Now, we are only calculating the world matrix when it actually needs to be calculated. But to the outside world, they have no idea we're doing this trick. However, just as importantly, we don't want people directly writing to our local POS, because when the local POS changes it invalidates our world matrix. So we write something like this:

void Transform::SetLocalPosition(const Vector3& newPosition)
{
    m_Position = newPosition;
    m_WorldMatrixDirty = true;
}

This is almost like Event-Driven Programming1. We'd guarded the access to our data member because we want to make sure we do something when that value changes. You can even imagine delegates and events used to notify other parts of the code when data has changed and they want to react to those changes. Here's some easy examples:

  • In a game, when something is added or removed from your inventory:
    • The UI wants to know so it can update your inventory window.
    • The chat/info box wants to know so they can show a message (ie, "Removed Steel Sword").
    • If it is a networked or online game, a system that replicates data may want to notify your client that the item was added or removed.
  • In a game, when your health changes:
    • Enemy AI may want to prioritize their targets. If you have low enough HP, maybe they just want to finish you off.
    • Friendly AI may want to prioritize their healing or protective abilities.
    • The UI will want to show the health change.
    • The game may want to make your character grunt from the hit if it was large enough.
    • In a networked game, a replication system needs to notify nearby clients of the change.
  • In a level editor, when you make a change to the heightfield:
    • The terrain mesh will need to be rebaked for rendering, collision, pathfinding, etc.
    • Placed objects may want to move with the terrain as it is being deformed.
    • A terrain texturing system may want to change the texture based on height, slope, or any other number of properties of the new mesh.
    • Flora may want to regenerate -- maybe the grass only grows on flat terrain and not hills. It wants to know if you just made a steep hill.

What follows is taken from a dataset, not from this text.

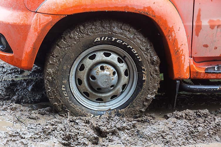 Нет, таких гиблых мест, которые приходится преодолевать исключительно «на лебедке», нам по пути не попалось – ее мы использовали пару раз скорее в исследовательских целях. Справляется она со своими обязанностями исправно, а длины провода пульта управления хватает на то, чтобы управлять лебедкой из кабины – случись засесть не в компании единомышленников, и то не пропадем. А для преодоления большинства препятствий, даже весьма угрожающего вида, хватало возможностей штатных для экспедиционного «Патриота» грязевых шин BF Goodrich. Включаем «нижний» ряд в трансмиссии, вторую передачу – и автомобиль взбирается на очередной скользкий подъем. Пусть иногда не с первого раза – но с разгона уж точно. Бензиновый 2,7-литровый мотор мощностью 135 л.с. для тяжелого «Патриота», да в горной местности все-таки слабоват – просится мотор помощнее.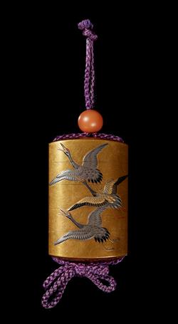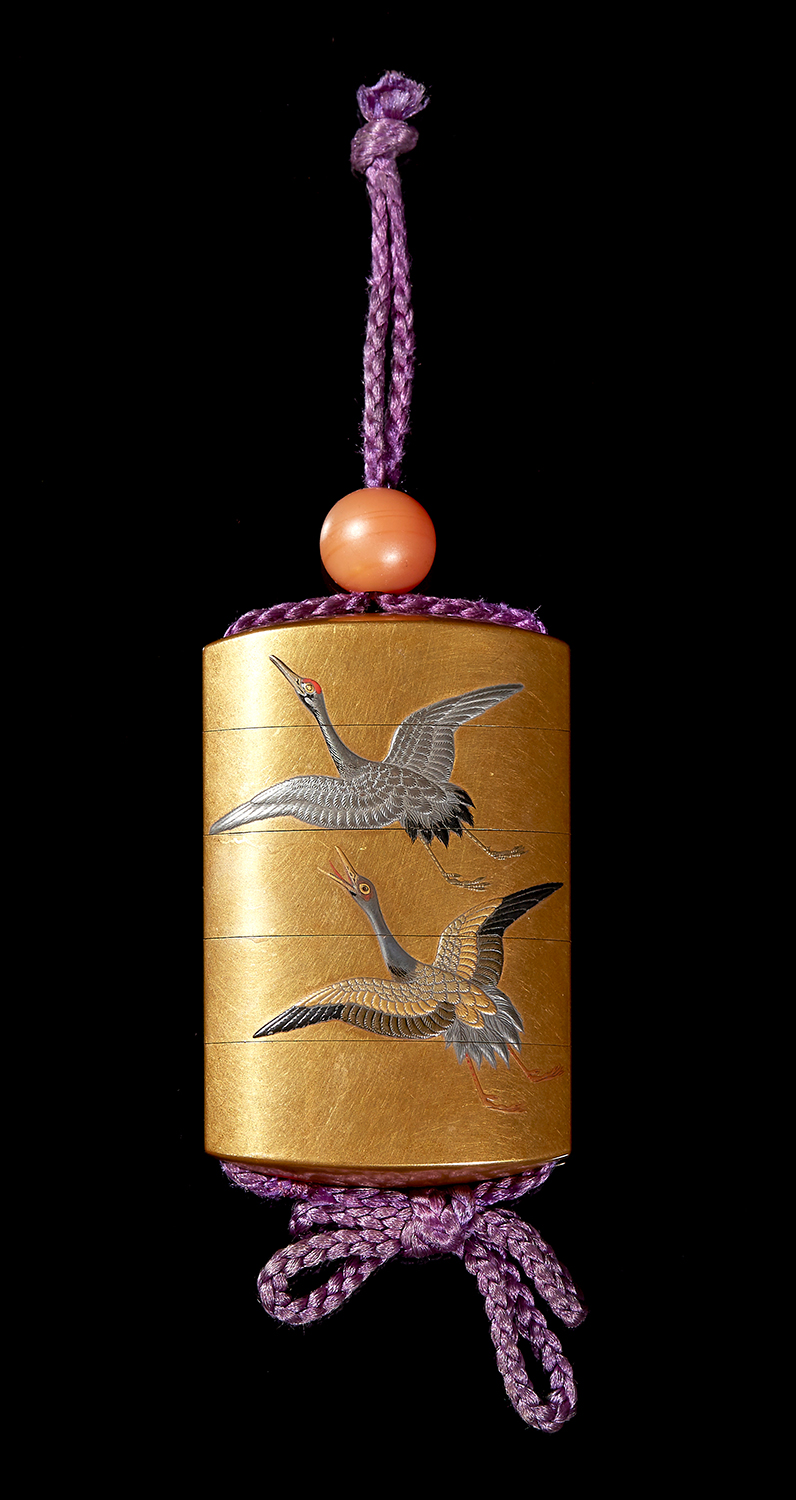 Bearing a rich kinji ground and lacquered with three hiramakie and takamakie cranes in flight and two cranes on the reverse. The details in gold, silver, black, red and lacquer and interior rims and shoulders in fundame, signed: Jitokusai Gyokuzan with Red pot seal, 7.5cm high

Or the UI reacts to a change in stats.


I could go on and on with examples.

The big takeaway is that none of this automatic bookkeeping could be done without methods (or at least some form of indicating which functions were allowed access to data members). Methods certainly are useful and maybe even more commonly useful than the author of the video is letting on. I'm not saying he's wrong -- just that it's slightly more nuanced than the video describes. And maybe that's just a result of only having so much time in a video to explain things. Only he'd really be able to comment on that.

Next post I'll talk about who might want to be listening to these events and what type of data those objects are likely to have (hint, it's not Data You Care About, and that's okay).




1 Full disclaimer -- event driven programming has it's faults too -- it certainly shouldn't be used everywhere.